New orders, a key indicator of future business activity, rose 0.9 percent from a month earlier, according to preliminary figures from statistics agency Destatis, slightly below forecasts.
It followed a near 11-percent drop in January.
Despite some volatility, the indicator has generally been trending up since mid-2025 as the government increases public spending in a bid to revive Europe's struggling biggest economy.
But the latest figures concern the period immediately before the outbreak of the US-Israeli war against Iran, which has sent oil and gas prices surging, a huge burden for Germany's power-hungry manufacturers.
The positive momentum "is likely to be temporarily dampened as a result of the energy price shock associated with the conflict in the Middle East," the economy ministry said in a statement.

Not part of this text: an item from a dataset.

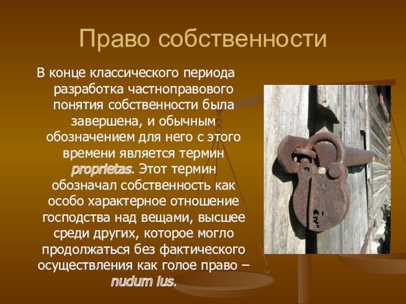 и обычным обозначением для него с этого времени является термин proprietas. Этот термин обозначал собственность как особо характерное отношение господства над вещами, высшее среди других, которое могло продолжаться без фактического осуществления как голое право – nudum ius.

Overseas demand surged 4.7 percent in February while domestic orders dropped 4.4 percent, according to Destatis.
There was good news for the troubled auto sector, where orders rose 3.8 percent, and there were also strong increases in demand for metal products.
But there was a near 26-percent month-on-month decline in the category of transport equipment that includes military vehicles, aircraft, ships and trains.
Hopes for a recovery in Germany this year following several bleak years have been dampened due to the energy shock unleashed by the war.
Last week, leading economic institutes more than halved their growth forecast for this year, and now are predicting expansion of just 0.6 percent.